Items from a dataset:
Segment Open

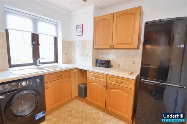 Kitchen:Fitted with a range of base and wall units, the kitchen includes an integrated electric oven, hob, and extractor fan. There is plumbing for a washing machine, as well as space for a fridge-freezer. A one-and-a-half inset off-white sink sits beneath a side window, complemented by roll-top work surfaces. The room also benefits from a kick board electric heater and vinyl flooring.
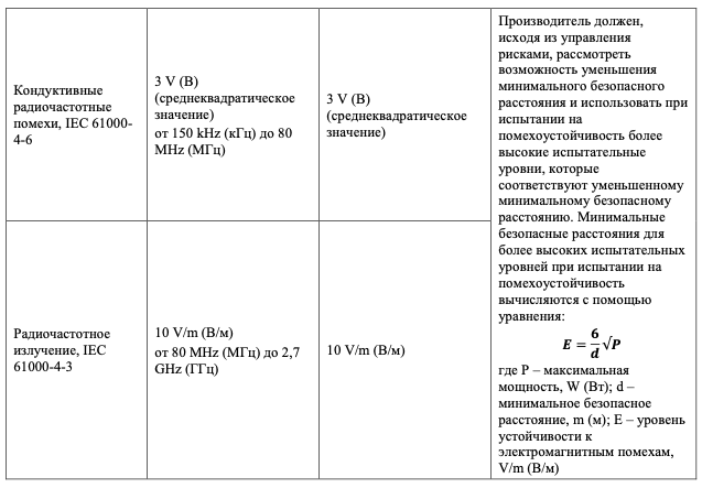НАПРИМЕР: как указано в таблице 6 стандарта IEC 60601-1-2:2014 для медицинского электрооборудования, обычный сотовый телефон с максимальной выходной мощностью 2 W (Вт) при уровне помехоустойчивости 3 V/m (В/м) дает d = 3,3 m (м).
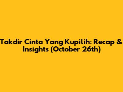 Takdir Cinta Yang Kupilih: Recap & Insights (October 26th)
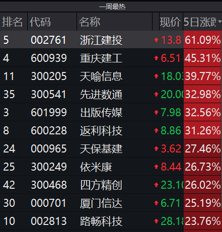 Wind统计显示,基建工程指数上周涨7.06%、交通运输(申万)指数上周涨5.44%、房地产(申万)上周涨4%。热门股票中,如浙江建投、重庆建工、天保基建等,近五日涨幅均超过20%,其中浙江建投近五日涨幅超过61%,2月14日开盘即一字封板涨停。
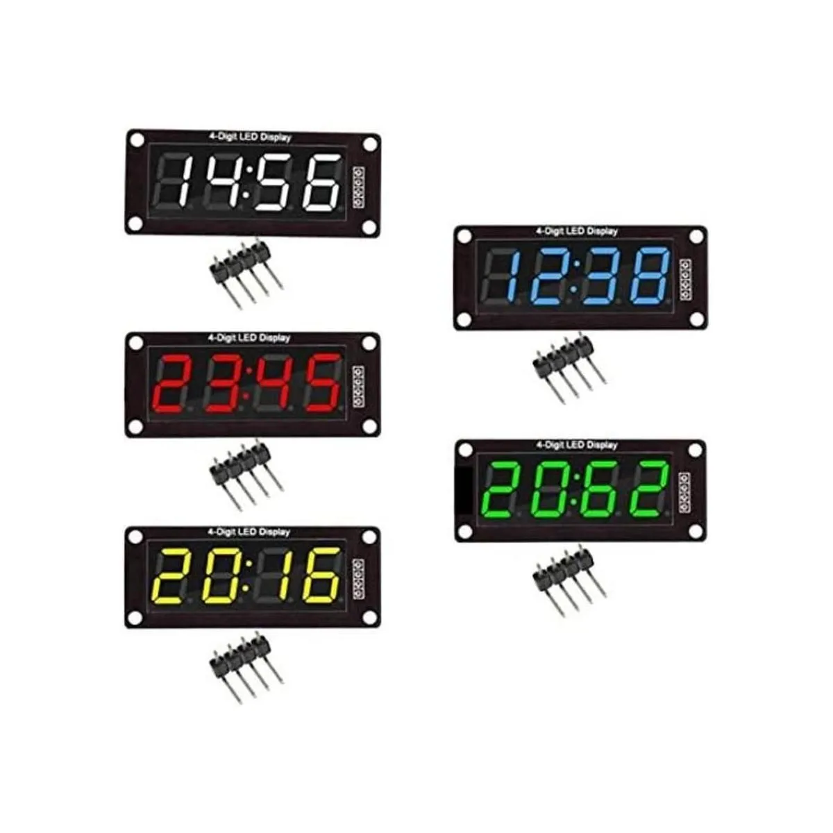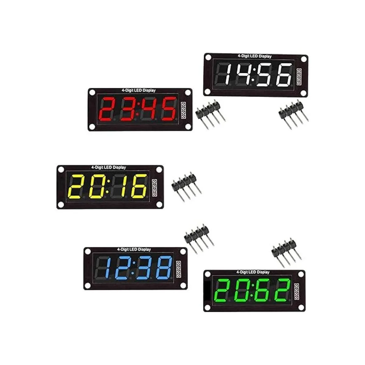 diymore Paquete de 5 unidades de colores rojoverdeblancoamarilloazul TM1637 de 0.56 pulgadas, tubo digital decimal de 7 segmentos, reloj de 2 dígitos, módulo de doble punto, placa de controlador serie 5 colores
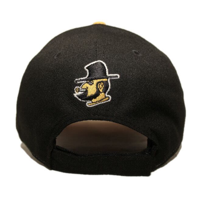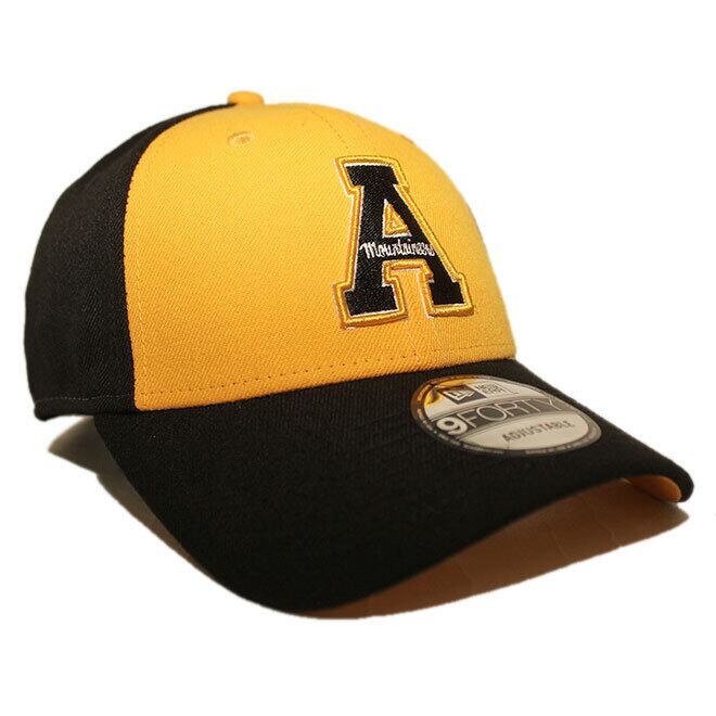 フロントにNCAA / 全米大学体育協会のアパラチアステイト マウンテニアーズのチームロゴ、左サイドにNEフラッグロゴ、バックにもチームロゴが刺繍されたモデル。

Segment Closed

Problem to work on — Nothing but the lines from the one containing "Wind统计显示,基建工程指" through the final line of the records, both included and copied exactly, should appear in the answer; pictures stay out.

Worked solution —
 Wind统计显示,基建工程指数上周涨7.06%、交通运输(申万)指数上周涨5.44%、房地产(申万)上周涨4%。热门股票中,如浙江建投、重庆建工、天保基建等,近五日涨幅均超过20%,其中浙江建投近五日涨幅超过61%,2月14日开盘即一字封板涨停。
 diymore Paquete de 5 unidades de colores rojoverdeblancoamarilloazul TM1637 de 0.56 pulgadas, tubo digital decimal de 7 segmentos, reloj de 2 dígitos, módulo de doble punto, placa de controlador serie 5 colores
 フロントにNCAA / 全米大学体育協会のアパラチアステイト マウンテニアーズのチームロゴ、左サイドにNEフラッグロゴ、バックにもチームロゴが刺繍されたモデル。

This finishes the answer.